Treatment of children's fears
The help to patients is based on creation of the house situation supporting feeling of tranquility, safety. The psychotherapy methods allowing to realize, process completely negative emotions – concern, alarm, fear are in addition applied. Complex treatment is made by the psychotherapist, the psychologist, the psychiatrist. Includes:
- Family consultation. Meetings are necessary for identification of the reasons forming and supporting fear. Methods of education, feature of the intra family relations (the conflicts, aggression manifestations) and leisure of the child are discussed. The expert makes recommendations about correction of behavior of parents, preferable ways of interaction with the child.
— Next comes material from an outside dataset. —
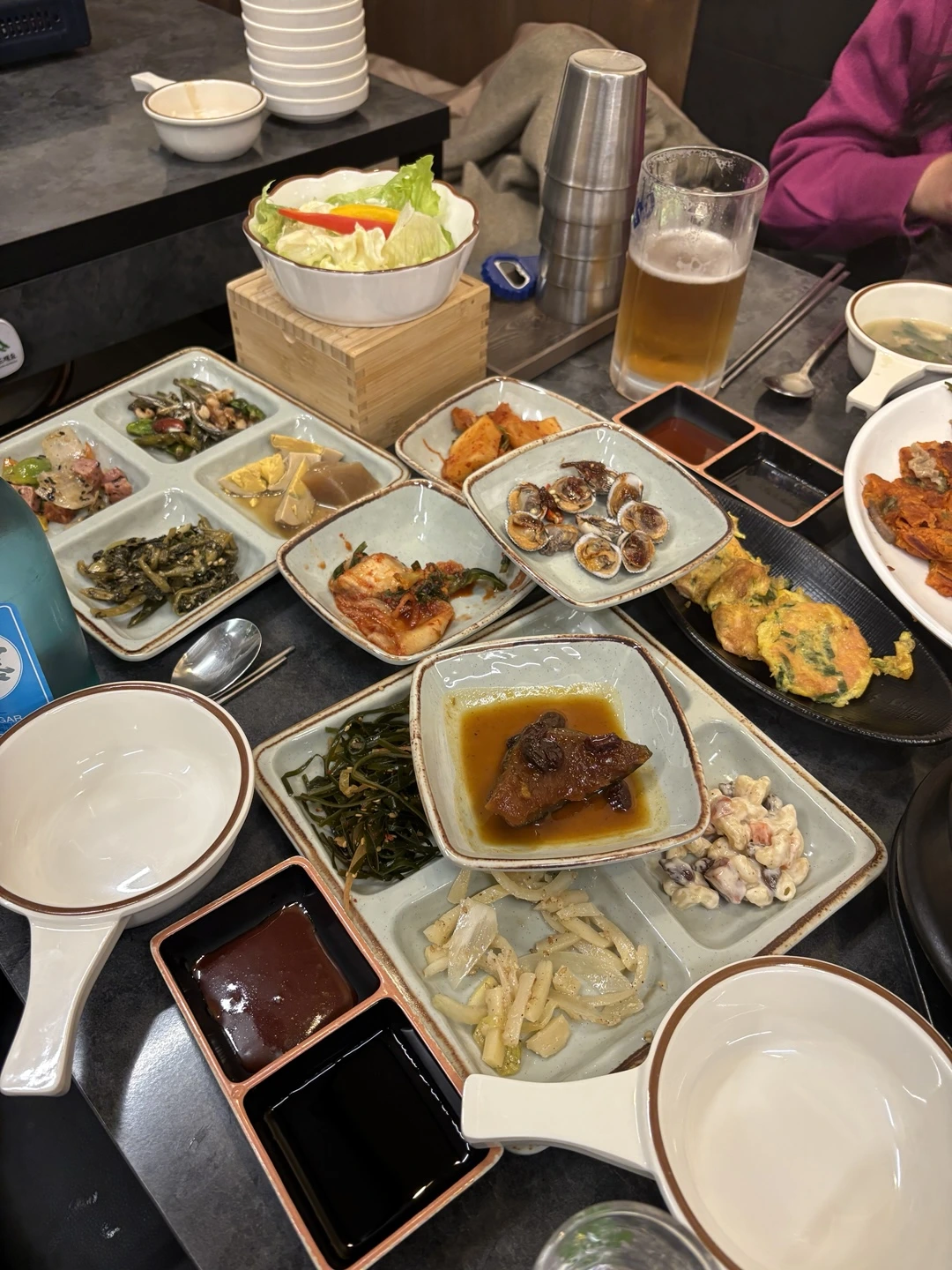 이 집이 특별한 점은 비단 '맛'때문은 아닌데, 우선 앞에서도 서술했듯이 12종이 넘는 밑반찬을 제공한다. 밑반찬은 그날 그날 사장님의 기분이나 재료의 수급 따라 조금씩 다르게 서브되는 것 같은데, 각종 나물과 전, 볶음 무침류, 샐러드 등 거의 한식뷔페를 방불케 하는 라인업이 결코 작은 크기가 아닌 탁자에 넘쳐난다.

- Psychotherapy. Classes are given individually. At the first stage there is a discussion of fears. The confidential conversation partially defuses emotional tensions. At the second stage processing of fears is carried out. The skazkoterapiya method is widespread – a story about fear from the happy-end is invented. Occupations with a creative component are effective – the created fear (the drawing, the molded figure) is remade or ritually destroyed.
- Reception of medicines. Medicinal therapy is necessary at the expressed, long symptoms. It is applied at the beginning of complex treatment, before positive effect of psychotherapy. The psychiatrist appoints anksiolitik, sedative medicines. The scheme of treatment, a dosage, duration of reception are defined individually.
Forecast and prevention
Over time the child "outgrows" the majority of children's fears. The probability of a favorable outcome increases with the correct parental and psychotherapeutic help. For the prevention of development of fear in the child it is necessary to establish and maintain the confidential relations with it, to refuse demonstration of domination, use of physical force, not to show own uneasiness and fears. It is important to organize correctly leisure, giving preference to mobile and creative occupations in collective, but not to viewing of the TV and virtual games alone.